With the Sommet en planification financière roundtable, we also worked on a questionnaire that was completed by hundreds of practitioners across the country. The results were unveiled at the Sommet’s symposium in Drummondville last May 24.

Finally, understanding the rise of digital technology will also be an integral part of the Institute’s Congress this year on September 17 and 18 at the Fairmont Tremblant. The keynote address will be made by Hugues Foltz, partner and executive vice-president at Vooban. If you are not already convinced about the urgent need to take action and develop your interest in all things digital, he will present facts that make you sit up and think! If you are already curious and you want to take your thought process further, he will spur you to action. In short, his speech will be packed with really good ideas.

What will be left for us?

While we must develop and expand our comfort with the daily use of technologies, we must also develop the skills to ensure that our human approach is never overshadowed. In his 2016 book Humans Are Underrated,1 renowned American journalist Geoff Colvin offered some wisdom that rings even more true today:

As a result, the meaning of great performance has changed. It used to be that you had to be good at being machinelike. Now, increasingly, you have to be good at being a person. Great performance requires us to be intensely human beings. To put it another way: Being a great performer is becoming less about what you know and more about what you’re like. 
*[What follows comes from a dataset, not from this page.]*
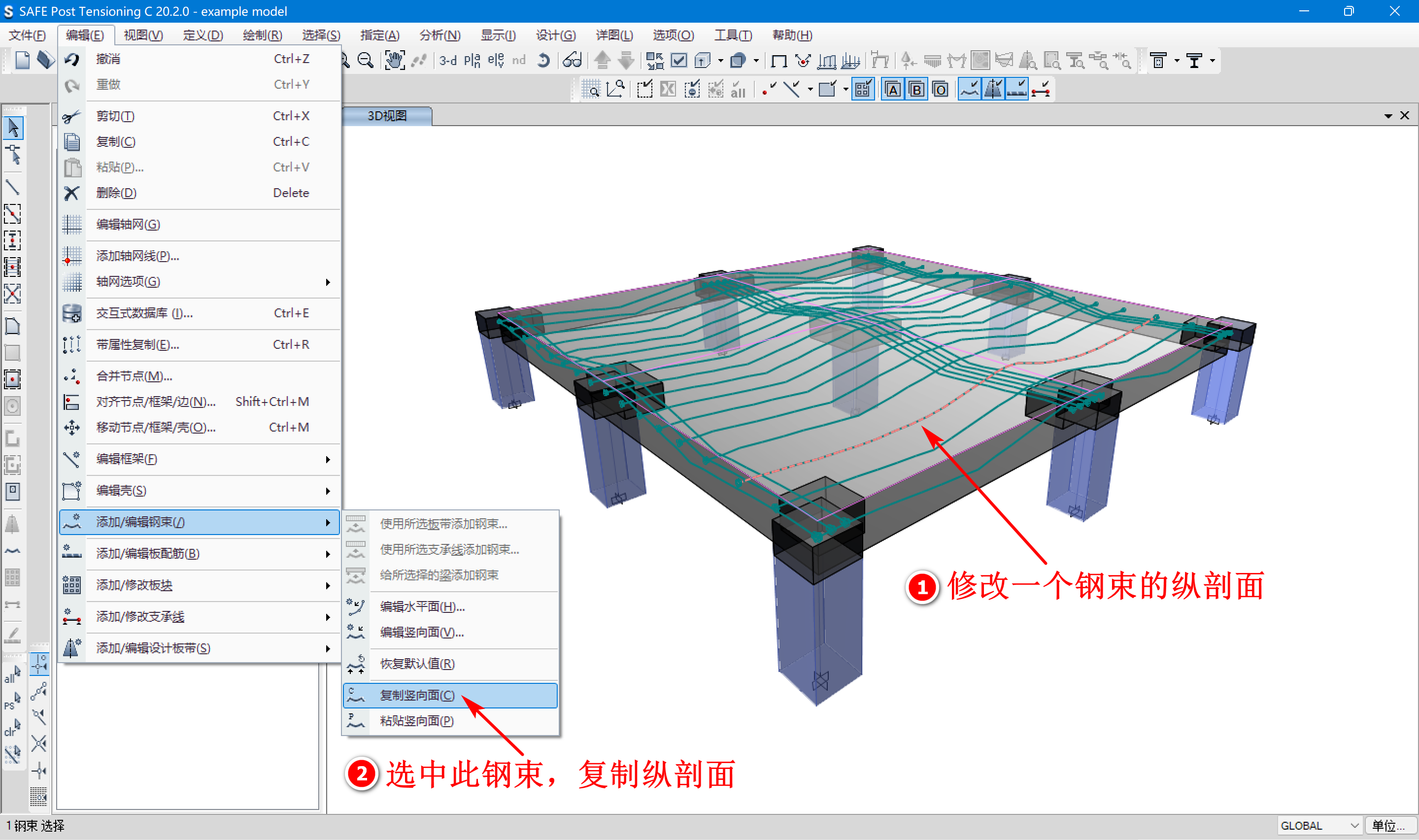首先,修改任意一個(gè)鋼束的縱剖面,可直接右鍵單擊鋼束或選擇鋼束后點(diǎn)擊菜單欄【編輯>添加/編輯鋼束>編輯縱剖面】進(jìn)行修改。然后,再次選擇此鋼束,點(diǎn)擊菜單欄【編輯>添加/編輯鋼束>復(fù)制縱剖面】,此時(shí)程序?qū)⒖v剖面數(shù)據(jù)復(fù)制到剪貼板中。注意該命令只有當(dāng)選擇一個(gè)鋼束時(shí)可用。該步的操作如圖1所示。

Developing our understanding about the rise of digital technologies means developing a better understanding of ourselves and our talents and continuing to work on them consistently. This is how we will gain a more nuanced understanding of our clients and learn how to support them better. Not like a machine, but like one human being connecting with another.

The Institute of Financial Planning is just the partner you need on this developmental journey. Our efforts to provide you with activities and programs that support you in the development of your knowledge, your know-how and your interpersonal skills are undeniable proof of that. We firmly believe that your competencies are the key to creating value for your clients. And when those talents are leveraged, they will open the doors to raising your practice to unsuspected heights.

Bernard Fortin, MBA, FCSIMD, C.Adm., F.Pl., FICB
Chair of the Board of Directors of the Institute


1 Colvin, Geoff. 2016. Humans Are Underrated: What High Achievers Know that Brilliant Machines Never Will. Penguin/Portfolio.